■ WORK INSTRUCTION
In the material below, begin at the line that has "in oro bicolore", stop after the line that has "Last on the", and transcribe those lines exactly, without pictures.

■ ENTRIES PROVIDED

↓

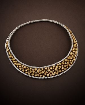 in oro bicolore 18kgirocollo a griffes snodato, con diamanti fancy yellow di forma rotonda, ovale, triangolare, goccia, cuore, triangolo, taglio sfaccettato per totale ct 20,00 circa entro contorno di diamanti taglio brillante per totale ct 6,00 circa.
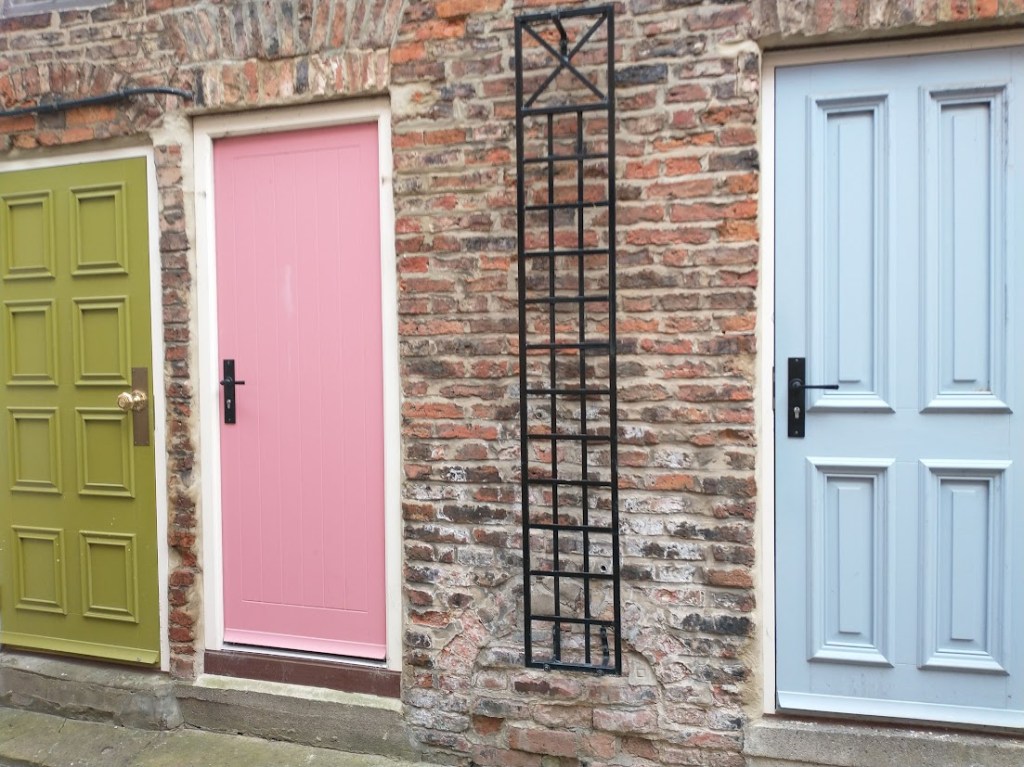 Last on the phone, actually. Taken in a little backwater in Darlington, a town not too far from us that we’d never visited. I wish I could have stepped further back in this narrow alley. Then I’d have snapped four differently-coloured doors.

↑
↓

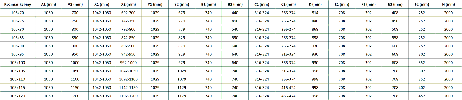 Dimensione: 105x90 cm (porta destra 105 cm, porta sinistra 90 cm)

↑

■ ANSWER TO THE PROBLEM
 in oro bicolore 18kgirocollo a griffes snodato, con diamanti fancy yellow di forma rotonda, ovale, triangolare, goccia, cuore, triangolo, taglio sfaccettato per totale ct 20,00 circa entro contorno di diamanti taglio brillante per totale ct 6,00 circa.
 Last on the phone, actually. Taken in a little backwater in Darlington, a town not too far from us that we’d never visited. I wish I could have stepped further back in this narrow alley. Then I’d have snapped four differently-coloured doors.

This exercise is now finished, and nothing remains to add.